Obwohl sie peinlich berührt ihrem Instinkt folgend den Kopf senken wollte, hielt die Anziehungskraft seiner Augen sie in ihrem Bann und sie bemerkte, wie ihr Mund halb geöffnet stehenblieb. Der lodernde Ausdruck dieser Augen bekam in diesem Moment eine unglaubliche Wärme und schien in ihrem Unterbewusstsein neuralgische Knöpfe zu drücken, denn ein schmerzhaft angenehmes Gefühl – als würde ihr heißes Öl vom Kopf langsam über den Rücken runter bis zwischen die Beine laufen – machte sich breit. Marie bemerkte, wie ihr zugleich heiß und kalt wurde und ihr Körper mit der entsprechenden Transpiration antwortete. Sie sah, wie seine Augen langsam zu ihrem Mund wanderten und auf ihren halbgeöffneten Lippen verweilten, die selbst ein Michelangelo sinnlicher hätte nicht malen können.

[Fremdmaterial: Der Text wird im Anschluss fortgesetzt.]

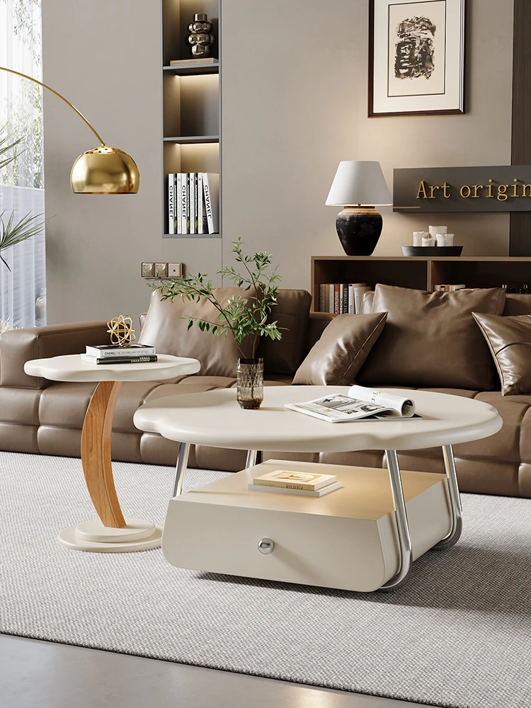 クリームテイストのおしゃれなラウンドリビングテーブル - 小スペースにもぴったりな中古風シンプル収納、現代的で高級感あふれるデザイン!

Die Zeit schien zwischen den beiden stillzustehen.
Erst, als nach ein paar Sekunden Maries Duft zusammen mit ihren üppigen weiblichen Reizen auch den Rest seiner Wahrnehmung erreichten, schien es wie ein Unwetter über ihn hereinzubrechen, denn Marie erkannte, wie seine Pupillen sich plötzlich weiteten. Ihre Blicke verschmolzen erneut, als er wieder in ihre Augen blickte, obwohl das Gedränge mit all seinen hektischen Facetten eigentlich keinerlei Spielraum für knisternde Momente lieferte.